Background information
- Origin: Liverpool Art College, England
- Genres: Art pop; art rock; new wave; cabaret; power pop;
- Years active: 1974–1978, 1988–1989, 2009–present
- Website: deafschool.co.uk

= Deaf School =

English art rock/new wave band

Deaf School is an English art rock/new wave band, formed in Liverpool in January 1974.

==Overview==
Between 1976 and 1978, the year in which they split up, Deaf School recorded three albums for the Warner Brothers label. The first album's art rock style had roots in cabaret, and later releases moved towards a harder punk rock sound. Deaf School have been recognized as an important influence on many British musicians. According to Frankie Goes to Hollywood singer Holly Johnson: "They revived Liverpool music for a generation." The journalist, author and founder of Mojo, Paul Du Noyer, went further: "In the whole history of Liverpool music two bands matter most, one is The Beatles and the other is Deaf School."

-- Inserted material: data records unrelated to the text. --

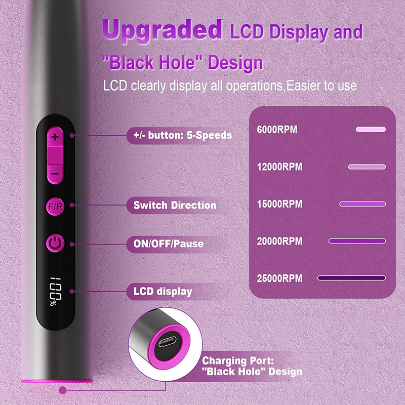 بدنه آلیاژ آلومینیوم با موتور با کیفیت بالا، چرخش حرفه ای میخ دریل با سرعت بالا و اتلاف گرمای کارآمد در همان زمان. موتور با تمرکز بالا، توان خروجی قوی و یکنواخت، لرزش مداوم کم، صدای کم و حرارت کم، مراقبت از ناخن شما را کارآمدتر و راحت تر می کند.
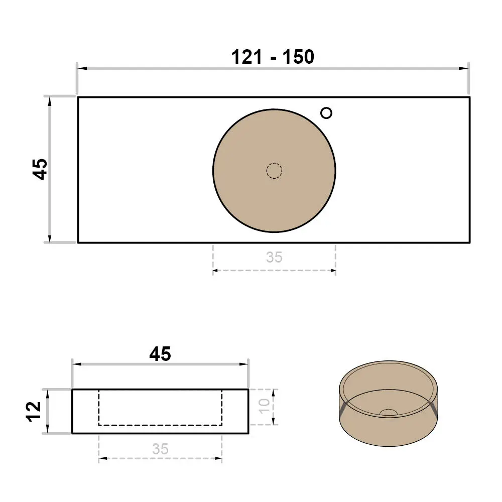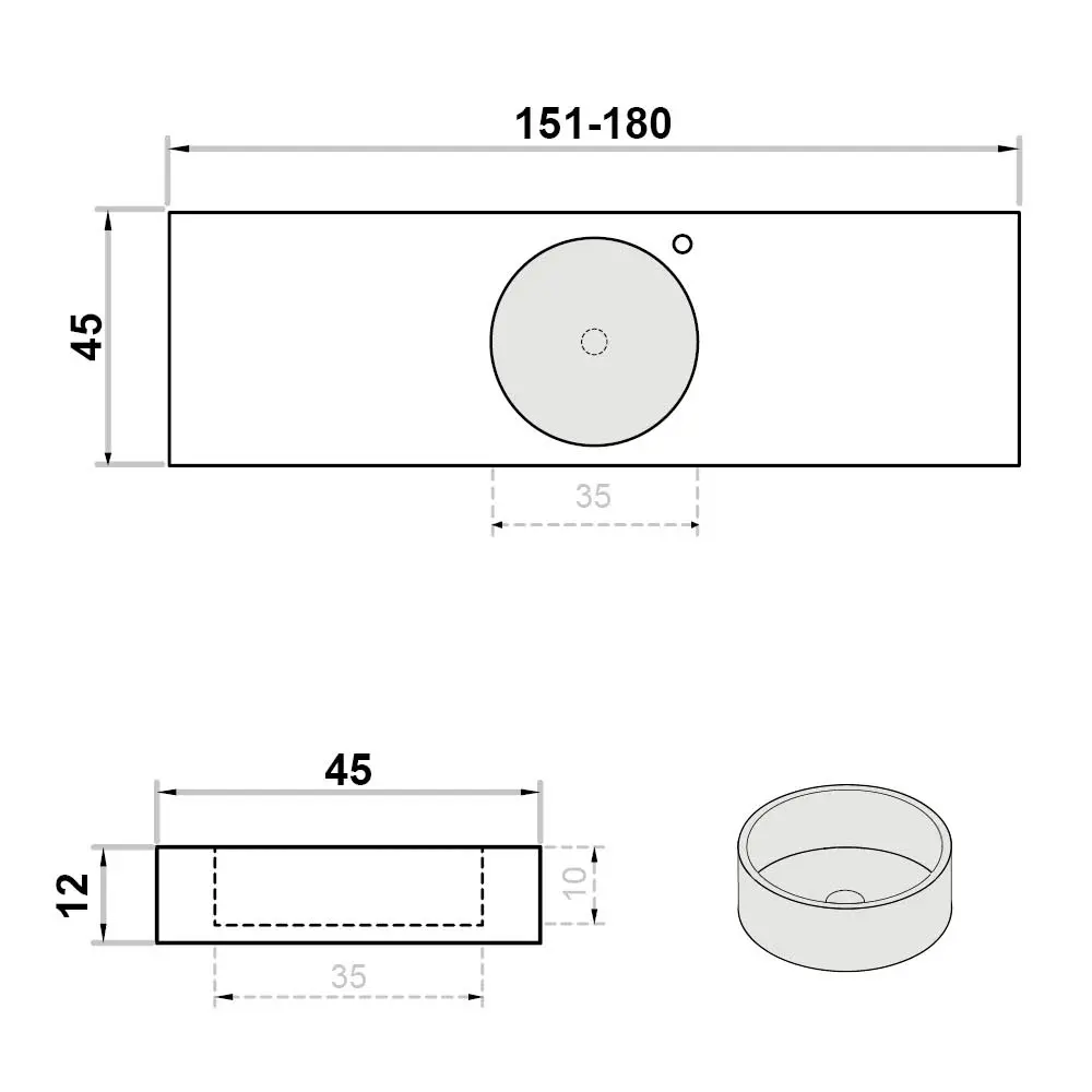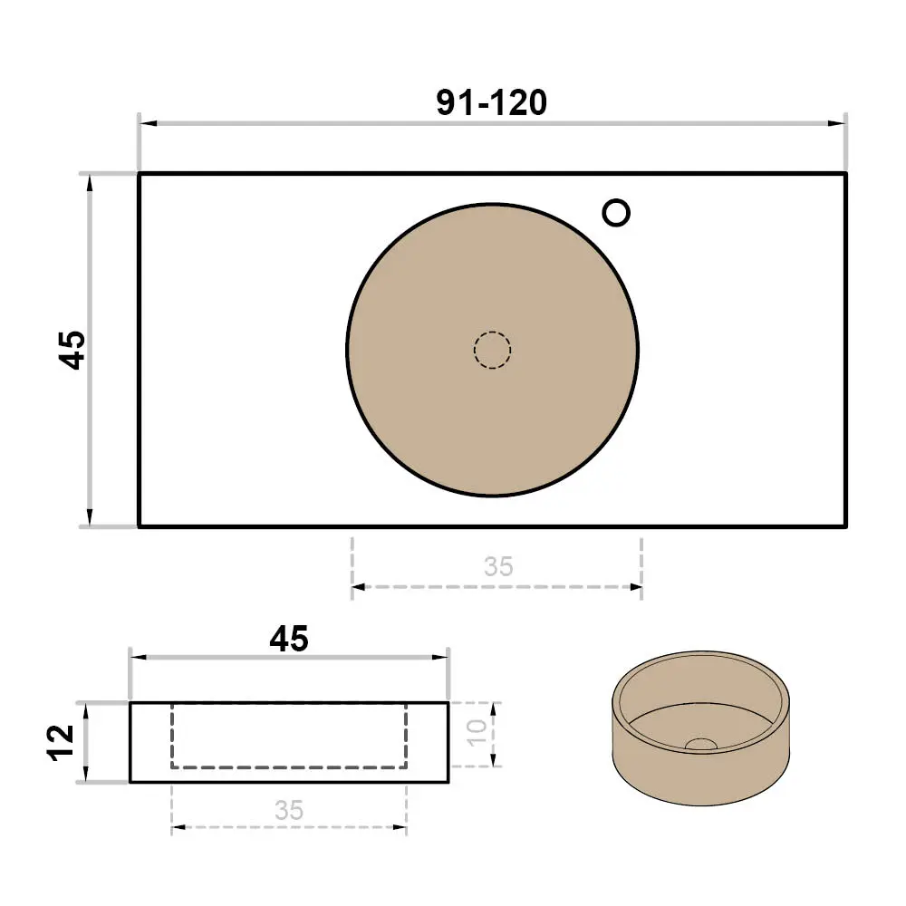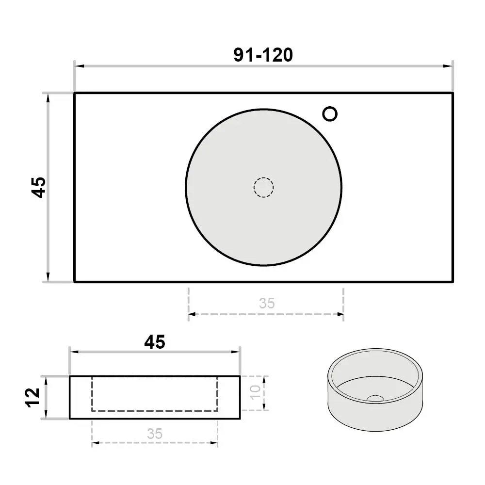 Wastafel op maat enkel met kraangat rond
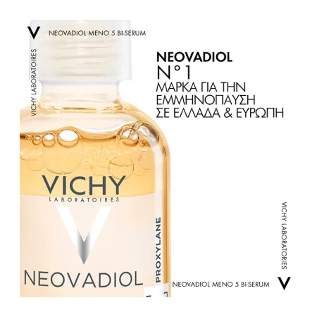 Το Vichy Neovadiol Meno 5 Serum Προσώπου 30ml είναι ένα ενυδατικό και αντιγηραντικό serum σχεδιασμένο για γυναίκες στην εμμηνόπαυση ή την περίοδο γύρω από αυτή. Βοηθά στην αποκατάσταση της χαμένης σφριγηλότητας και της ελαστικότητας της επιδερμίδας, προσφέροντας ορατή αναζωογόνηση. Περιέχει συστατικά που υποστηρίζουν την ανανέωση των κυττάρων και ενδυναμώνουν τον προστατευτικό φραγμό του δέρματος, ενώ προσφέρει βαθιά ενυδάτωση και εξομαλύνει τις λεπτές γραμμές και ρυτίδες. Το προϊόν είναι κατάλληλο για ευαίσθητο δέρμα και είναι δοκιμασμένο υπό δερματολογικό έλεγχο.

Nearly all the group's members went on to enjoy successful careers, notably guitarist Clive Langer, who produced Madness and Dexys Midnight Runners, two non-Liverpool acts which cite Deaf School as an influence. Langer also co-wrote (with Elvis Costello) the song "Shipbuilding".

==History==
Formed by students and staff at Liverpool Art College, Deaf School were named after its rehearsal venue, a former school for the deaf that had become a college annexe. Their initial aim was to play the college's 1973 Christmas dance. The group's lead male vocalist, Enrico Cadillac Jnr recalls that "Anyone who wanted to be in it could be. There were about 13 on stage at that time. No one could play – it was based on people we thought were interesting . . we entered (and) . . won the Melody Maker rock and folk contest and were suddenly a big deal. We signed to Warners because their A&R guy, Derek Taylor, had been The Beatles publicist and when he saw us rehearsing in Mathew Street, he cried his eyes out".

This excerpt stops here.